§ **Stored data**

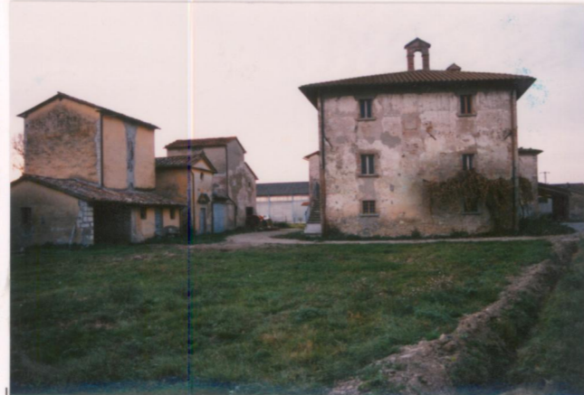
p.v. N. 2
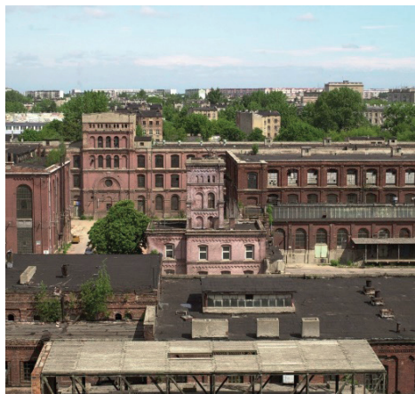
Fot. 2. Fragment kompleksu przed pracami remontowymi

Lata 1997–2000 były przełomowe dla samego kompleksu, jak również dla społeczności miasta. Niszczący obiekt dotąd zakład pracy, w pewnym momencie stał się czymś bez wartości dla ogółu. Jednym z podstawowych i największych problemów, które w tym okresie powiększyły swój zakres, było bezrobocie. Jak pisze Kubiak (2019), ostatniego dnia pracy w Poltexie „łódzkie włóknianki z placem opuszczały mury daw-
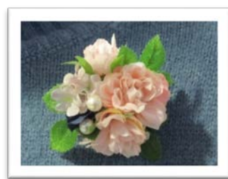
〈出来上がったブローチ〉
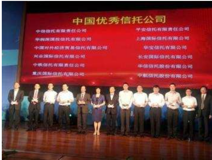
图 23 上海信托荣膺第七届中国优秀信托公司评选大奖
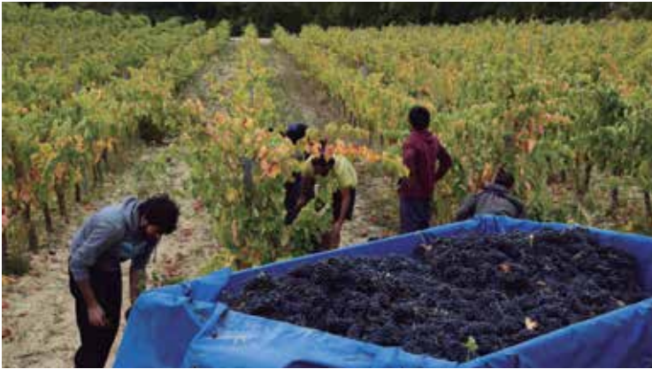
Arabako Errioxako Abra taldeko 40 upategik bultzatu dute ekimena. PHOT.OK
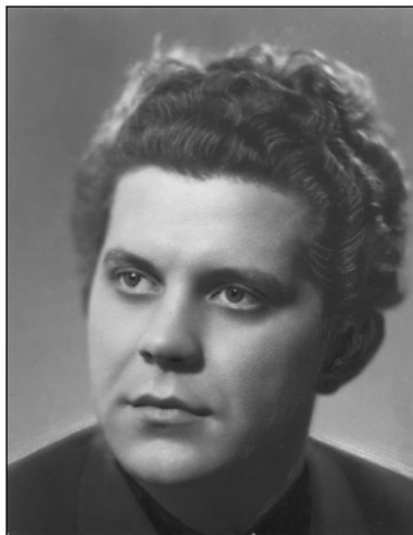
Український композитор Віталій Губаренко. Фото, 1960-ті рр.

На початку 1960-х років до цієї багатозвучної партитури долучився голос молодого композитора Віталія Губаренка. Він став відомим ще за життя численними прем'єрами своїх творів. Вони були написані сучасною музичною мовою, несли активну і напружену експресію, відзначалися пошуком нестандартних драматургічних рішень. Понад сорок років діяльності В. Губаренка збагатили українську музику не тільки новими репертуарними творами, а й новими жанрами, сюжетами, образами. У спадщині композитора марно шукати інструментальні мініатюри, імпровізації чи ескізи. За складом мислення і творчим спрямуванням він був драматургом і симфоністом: оперував глобальними ідеями, що потребували великих форм, і завжди доводив їх до логічного завершення – прем'єри. Серед жанрових уподобань композитора – опера і ораторія, балет і симфонія, концертні твори для сольних інструментів у супроводі оркестру, музика до кінофільмів та театральних спектаклів, кілька вокальних циклів. Але усталені класичні форми були
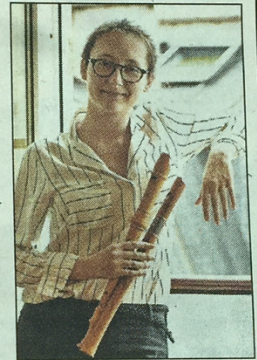
concert de flute «flauto solo»

8ème CHALLENGE DE PÊCHE À LA TRUITE Christophe VANKEMMEL, organisé toute la journée au lac par l'association des Pêcheurs du Riberal. Les réservations au concours et au repas étant limitées, il est recommandé de s'inscrire avant le 13 août en téléphonant à un des numéros suivants : 07 69 47 41 25, 06.87.13.01.83 ou 04 82 44 99 37 (20 euros pour 8 prises, permis de pêche obligatoire).
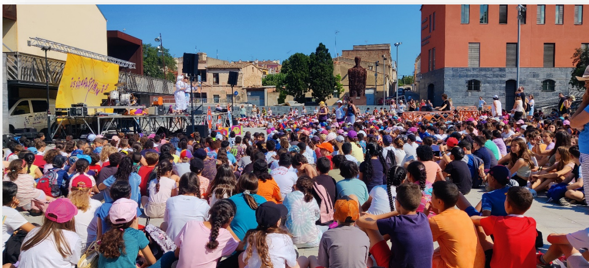
Cloenda Passaport Edunauta 2022-2023

La participació registrada va ser del 75% segons els les enquestes.
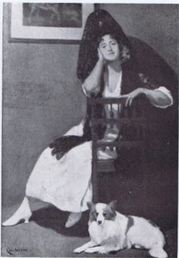
EDUARDO CHICHARRO (padre). — «La esposa del pintor».
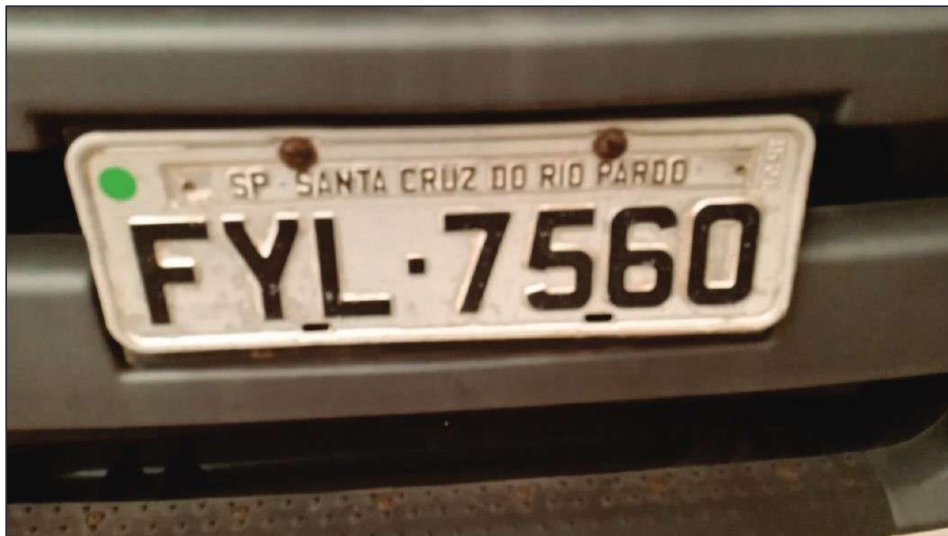
ITEM 044 - CAMINHÃO TRUCK VOLKSWAGEM 25-390 CTC PLACA: FYL-7560
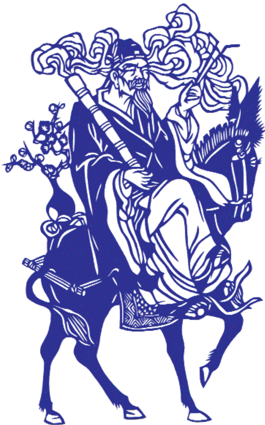
«Чжан Голао – один из легендарных восьми бессмертных басянь ».

ми бессмертных басянь », провинция Чжэцзян). Композиции в них отличаются компактностью, живописностью и мягкостью, включением плотных «пятен» с орнаментом и узорными прорезями. Такие вырезки всегда декоративны как по сюжету, красочности, так и по формированию линий; вместе с тем искусное, продуманное перепле-
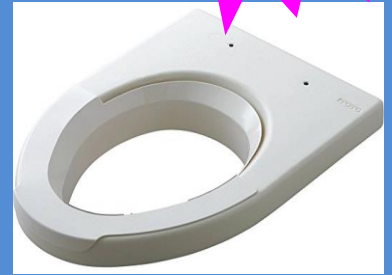
かさ上げ高さは 3cmと5cmの2サイズ
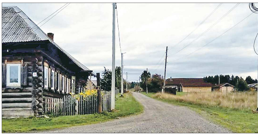
Теперь село Сулём освещают 92 фонаря – по полтора на каждого прописанного жителя

Подготовлено в соответствии с критериями, утвержденными приказом Департамента информационной политики Свердловской области от 09.01.2018 №1 «Об утверждении критериев отнесения информационных материалов, публикуемых государственными учреждениями Свердловской области, в отношении которых функции и полномочия учредителя осуществляет Департамент информационной политики Свердловской области, к социально значимой информации».
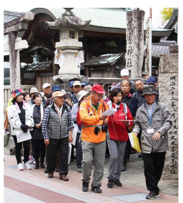
ラジオを聞きながら 市街地周辺を巡る

11月27日㊤、本宮行政局で第32回こだま祭が開催され、熊野牛などの飲食コーナーや紀州きのくに盆踊り愛好会のステージなどがありました。(20ページでも紹介しています。)
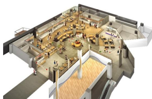
「お台場たこ焼きミュージアム」全体イメージ

「お台場たこ焼きミュージアム」は、大阪で人気のたこ焼きの名店5店舗のほか、たこ焼き関連商品や大阪みやげの販売店「いちびり庵」、低脂肪・低カロリーでヘルシーなジェラートの「ヨゴリーノ」で構成する、2010年11月にオープンしたフードテーマパークです。725.94㎡にわたるフロアで、本場の職人が焼き上げたアツアツのたこ焼きをお召しあがりいただけます。正統派の元祖たこ焼きからこだわりの創作たこ焼きまで、個性豊かな味わいが楽しめることから、幅広い世代から人気を集めています。

§ **Instructions to follow**
Please print exactly the lines from the one holding "La participació registrada" through the final line of the data above, including both, and skip all pictures.

§ **Your response**
La participació registrada va ser del 75% segons els les enquestes.
EDUARDO CHICHARRO (padre). — «La esposa del pintor».
ITEM 044 - CAMINHÃO TRUCK VOLKSWAGEM 25-390 CTC PLACA: FYL-7560
«Чжан Голао – один из легендарных восьми бессмертных басянь ».

ми бессмертных басянь », провинция Чжэцзян). Композиции в них отличаются компактностью, живописностью и мягкостью, включением плотных «пятен» с орнаментом и узорными прорезями. Такие вырезки всегда декоративны как по сюжету, красочности, так и по формированию линий; вместе с тем искусное, продуманное перепле-
かさ上げ高さは 3cmと5cmの2サイズ
Теперь село Сулём освещают 92 фонаря – по полтора на каждого прописанного жителя

Подготовлено в соответствии с критериями, утвержденными приказом Департамента информационной политики Свердловской области от 09.01.2018 №1 «Об утверждении критериев отнесения информационных материалов, публикуемых государственными учреждениями Свердловской области, в отношении которых функции и полномочия учредителя осуществляет Департамент информационной политики Свердловской области, к социально значимой информации».
ラジオを聞きながら 市街地周辺を巡る

11月27日㊤、本宮行政局で第32回こだま祭が開催され、熊野牛などの飲食コーナーや紀州きのくに盆踊り愛好会のステージなどがありました。(20ページでも紹介しています。)
「お台場たこ焼きミュージアム」全体イメージ

「お台場たこ焼きミュージアム」は、大阪で人気のたこ焼きの名店5店舗のほか、たこ焼き関連商品や大阪みやげの販売店「いちびり庵」、低脂肪・低カロリーでヘルシーなジェラートの「ヨゴリーノ」で構成する、2010年11月にオープンしたフードテーマパークです。725.94㎡にわたるフロアで、本場の職人が焼き上げたアツアツのたこ焼きをお召しあがりいただけます。正統派の元祖たこ焼きからこだわりの創作たこ焼きまで、個性豊かな味わいが楽しめることから、幅広い世代から人気を集めています。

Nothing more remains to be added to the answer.